[RECORDS PROVIDED]
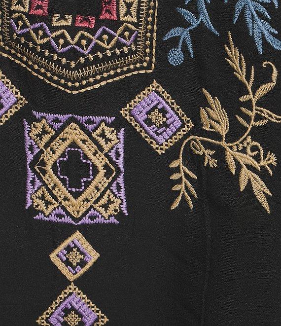Calessa Embroidered Split V-Neck Long Sleeve Tunic
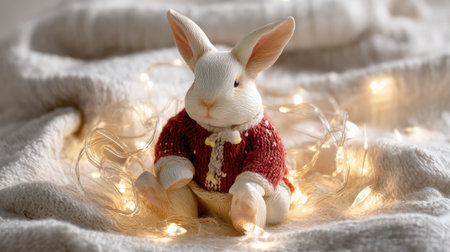 A cute bunny figurine dressed in a cozy red sweater sits surrounded by warm fairy lights on a soft blanket, creating a charming and festive atmosphere.
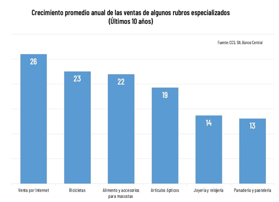 Otras áreas de rápido crecimiento son el comercio especializado en artículos ópticos, joyería y relojería, panadería y pastelería, todas con altas tasas de expansión.
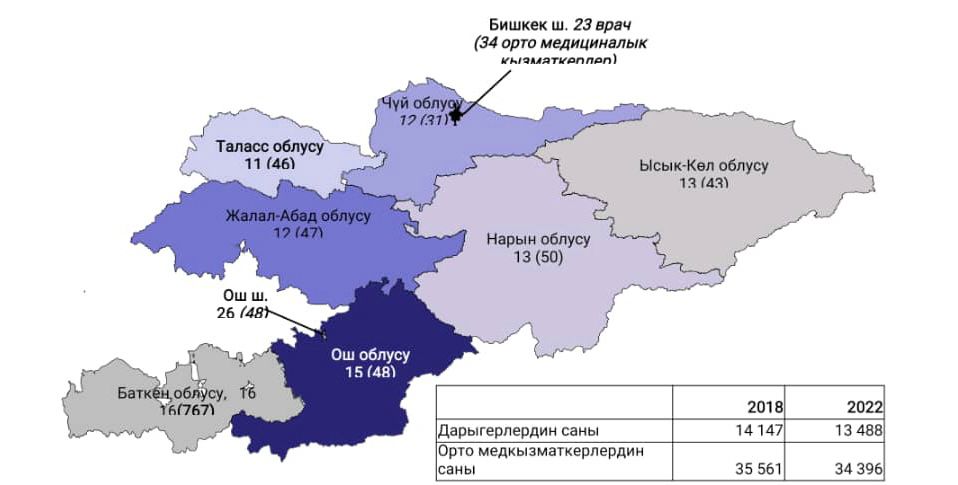 2022-жылы калкка медициналык-санитардык жардамды 13 миңден ашык дарыгерлер жана 34 миңден ашык медайымдар көрсөтүшкөн. Республиканын 10 миң калкына 19 дарыгер жана 49 медайым туура келген.
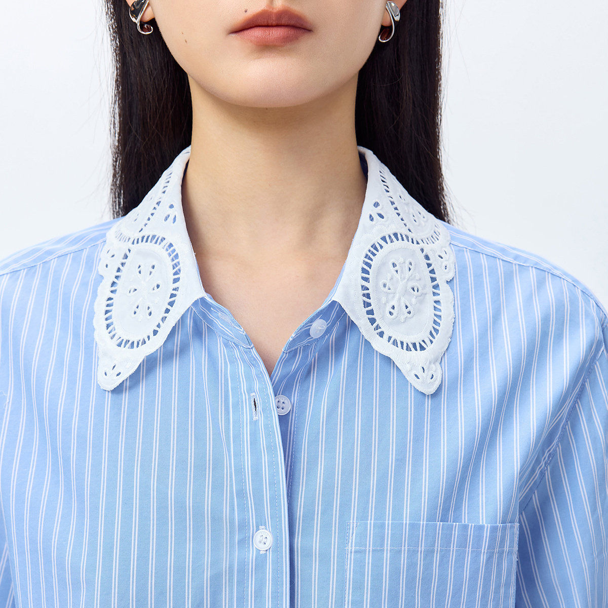 LILY 2026春新款纯棉法式蕾丝翻领条纹宽松休闲气质通勤衬衫外套,融合法式优雅与现代通勤需求。精选优质纯棉面料,亲肤透气,穿着舒适自在。经典条纹设计搭配精致蕾丝翻领,细节处尽显浪漫与知性。宽松版型剪裁,包容身形,轻松打造随性慵懒的时尚感。既可单穿作为气质衬衫,亦可外搭作轻薄外套,适应春日多变气候。无论是职场通勤还是日常出行,都能展现女性的柔美与干练。简约而不失设计感,是春季衣橱不可或缺的百搭单品,诠释现代女性的独立与优雅。
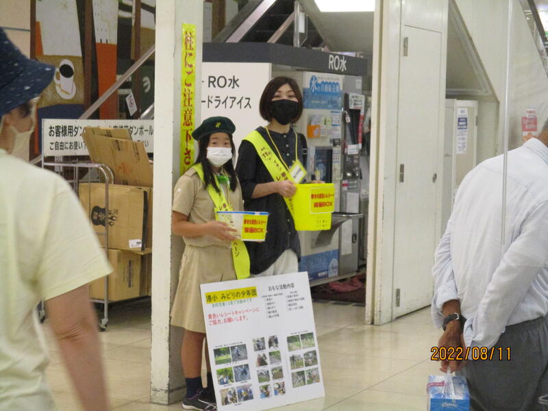 現在、コロナ禍ということで2名しかキャンペーン活動には参加できませんでしたが、みどりの少年団を代表して3年の中西羽桜さんと保護者の千春さんに参加していただきました。
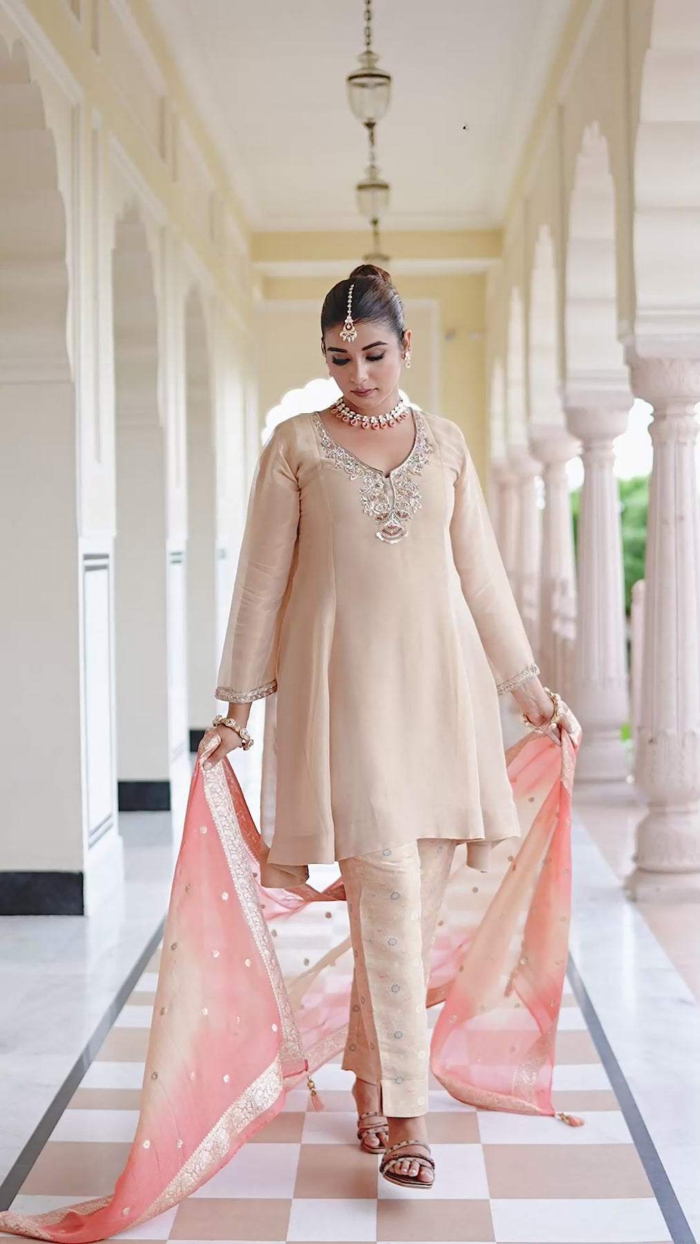 For a serene wedding brunch, a beige tissue silk kurta with a gentle flare and delicate zardosi embroidery around the neckline captures understated elegance. Jacquard woven pants add texture and refinement, while the organza jacquard dupatta in soft beige and orange flows gracefully, catching the light with effortless charm. Radiant and poised, the ensemble exudes a sophisticated festive aura. An exquisite display of Indian wear craftsmanship, where luxurious fabrics and refined details define modern ethnic elegance.
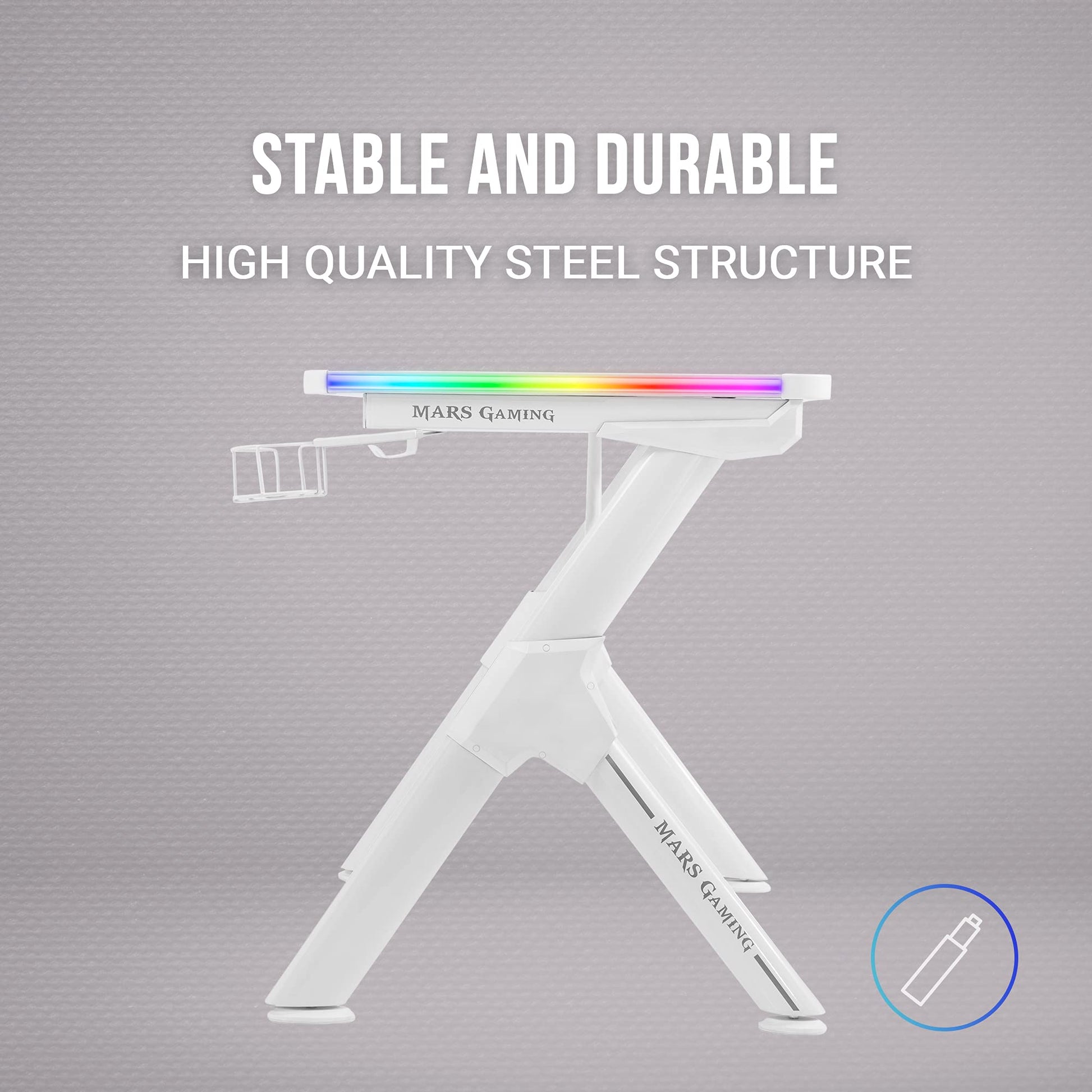 Dank seines robusten Y-förmigen Stahlrahmens und der kratzfesten Karbonfaser-Tischplatte ist der Tisch äusserst stabil und kann mit bis zu 100 kg belastet werden. Er ist also auch für intensive Gaming-Sessions mit schwerem Equipment bestens geeignet.
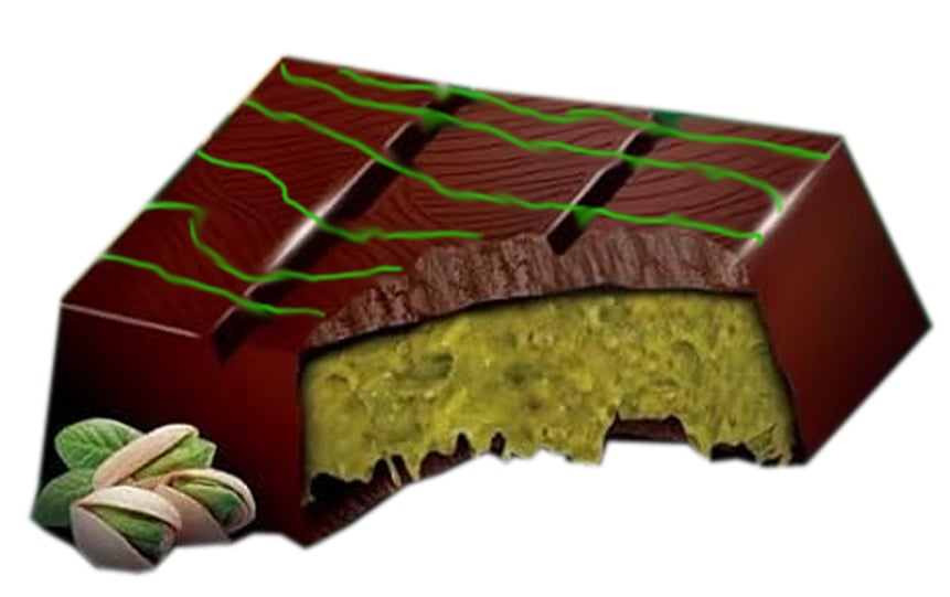 et avec une pâte de pistaches aromatique.
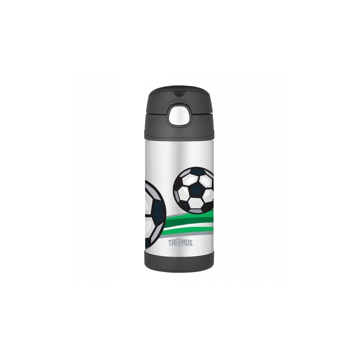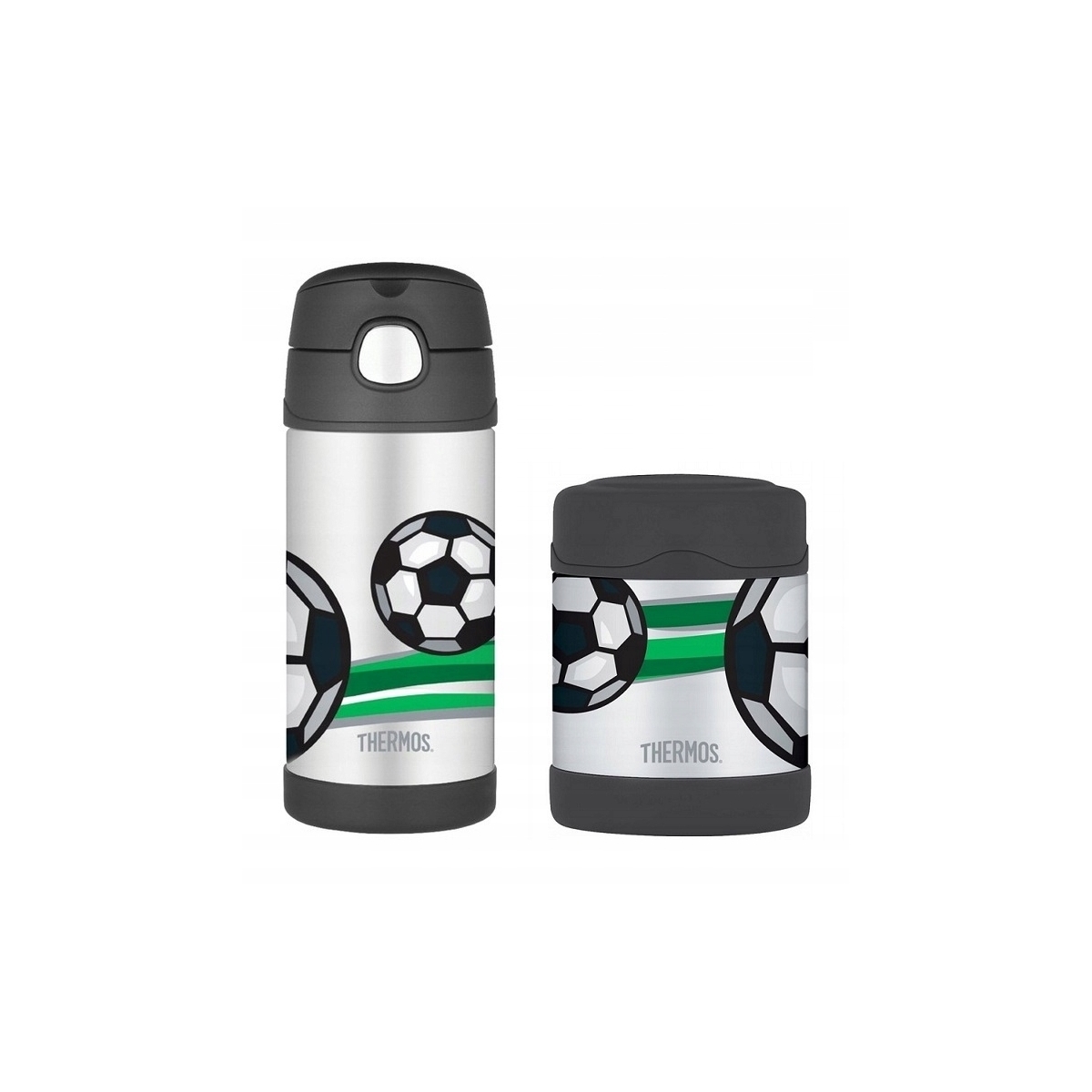 - Zestaw dwóch dziecięcych termosów marki Thermos na jedzenie oraz picie ( kubek ze słomką ) z motywem piłki nożnej.

[ABOUT THIS EXERCISE]
With the pictures left out, output the lines from the one containing "2022-жылы калкка медициналык-санитардык" through the last line of the records above, exactly as they are.

[OUTPUT FOR THIS TASK]
 2022-жылы калкка медициналык-санитардык жардамды 13 миңден ашык дарыгерлер жана 34 миңден ашык медайымдар көрсөтүшкөн. Республиканын 10 миң калкына 19 дарыгер жана 49 медайым туура келген.
 LILY 2026春新款纯棉法式蕾丝翻领条纹宽松休闲气质通勤衬衫外套,融合法式优雅与现代通勤需求。精选优质纯棉面料,亲肤透气,穿着舒适自在。经典条纹设计搭配精致蕾丝翻领,细节处尽显浪漫与知性。宽松版型剪裁,包容身形,轻松打造随性慵懒的时尚感。既可单穿作为气质衬衫,亦可外搭作轻薄外套,适应春日多变气候。无论是职场通勤还是日常出行,都能展现女性的柔美与干练。简约而不失设计感,是春季衣橱不可或缺的百搭单品,诠释现代女性的独立与优雅。
 現在、コロナ禍ということで2名しかキャンペーン活動には参加できませんでしたが、みどりの少年団を代表して3年の中西羽桜さんと保護者の千春さんに参加していただきました。
 For a serene wedding brunch, a beige tissue silk kurta with a gentle flare and delicate zardosi embroidery around the neckline captures understated elegance. Jacquard woven pants add texture and refinement, while the organza jacquard dupatta in soft beige and orange flows gracefully, catching the light with effortless charm. Radiant and poised, the ensemble exudes a sophisticated festive aura. An exquisite display of Indian wear craftsmanship, where luxurious fabrics and refined details define modern ethnic elegance.
 Dank seines robusten Y-förmigen Stahlrahmens und der kratzfesten Karbonfaser-Tischplatte ist der Tisch äusserst stabil und kann mit bis zu 100 kg belastet werden. Er ist also auch für intensive Gaming-Sessions mit schwerem Equipment bestens geeignet.
 et avec une pâte de pistaches aromatique.
 - Zestaw dwóch dziecięcych termosów marki Thermos na jedzenie oraz picie ( kubek ze słomką ) z motywem piłki nożnej.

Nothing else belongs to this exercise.